Fiz J, Durán M, Capellà D, Carbonell J, Farré M.

                PLoS One. 2011 Apr 21;6(4):e18440.

                The use of cannabis was associated with reduction of some fibromyalgia symptoms.

BACKGROUND: The aim of this study was to describe the patterns of cannabis use and the associated benefits reported by patients with fibromyalgia (FM) who were consumers of this drug. In addition, the quality of life of FM patients who consumed cannabis was compared with FM subjects who were not cannabis users.

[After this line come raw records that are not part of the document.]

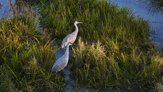Two sandhill cranes greet the sunrise in a beaver pond marsh.
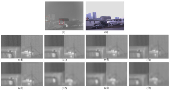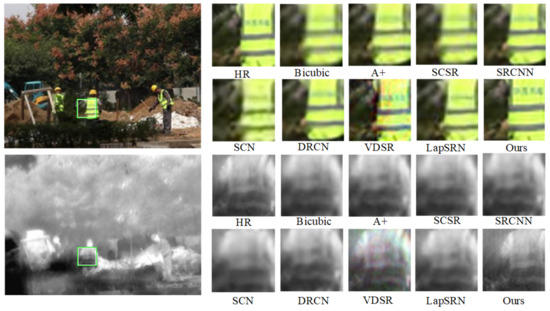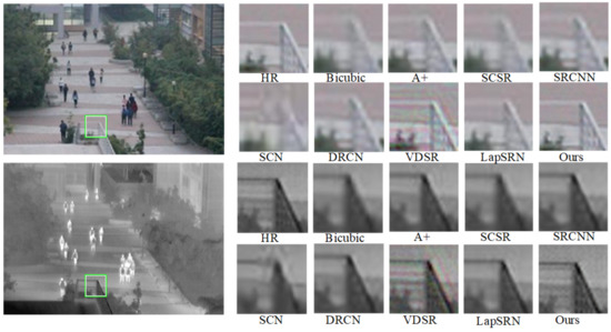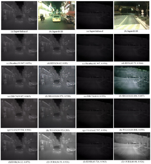 Six pairs of images from KAIST [36] and OutdoorUrban [37] dataset respectively as Figure 13 are chosen for SR experiments on A+, SCSR, SRCNN, DRCN, SRGAN, WGAN, CGAN, and our method. Infrared images and visible images are from two datasets of OutdoorUrban and KAIST. Figure 13a,b are in slightly weak light; Figure 13c,d are in low light; Figure 13e,f are in normal light. The PSNR and SSIM of Figure 13 are in Table 4.
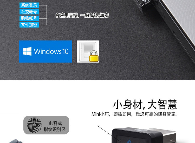 USB-палец принт Определить Войти Win10 Ноутбук Пароль Разблокировка Windows Hello Шифрование
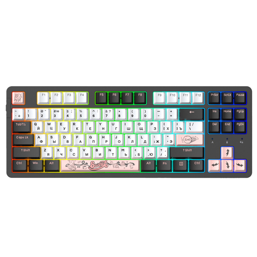 Функция No Key Rollover позволяет нажимать все клавиши одновременно без конфликтов, что делает A87X TKL надежной помощницей в ожесточенном киберспорте.
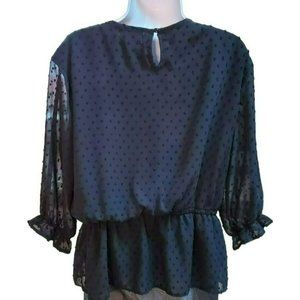 Shannon Ford New York Black Women's Swiss Dot Elastic Waist Three Quarter Sleeve Size Large

 METHODS: Information on medicinal cannabis use was recorded on a specific questionnaire as well as perceived benefits of cannabis on a range of symptoms using standard 100-mm visual analogue scales (VAS). Cannabis users and non-users completed the Fibromyalgia Impact Questionnaire (FIQ), the Pittsburgh Sleep Quality Index (PSQI) and the Short Form 36 Health Survey (SF-36).

 RESULTS: Twenty-eight FM patients who were cannabis users and 28 non-users were included in the study. Demographics and clinical variables were similar in both groups. Cannabis users referred different duration of drug consumption; the route of administration was smoking (54%), oral (46%) and combined (43%). The amount and frequency of cannabis use were also different among patients. After 2 hours of cannabis use, VAS scores showed a statistically significant (p<0.001) reduction of pain and stiffness, enhancement of relaxation, and an increase in somnolence and feeling of well being. The mental health component summary score of the SF-36 was significantly higher (p<0.05) in cannabis users than in non-users. No significant differences were found in the other SF-36 domains, in the FIQ and the PSQI.

 CONCLUSIONS: The use of cannabis was associated with beneficial effects on some FM symptoms. Further studies on the usefulness of cannabinoids in FM patients as well as cannabinoid system involvement in the pathophysiology of this condition are warranted.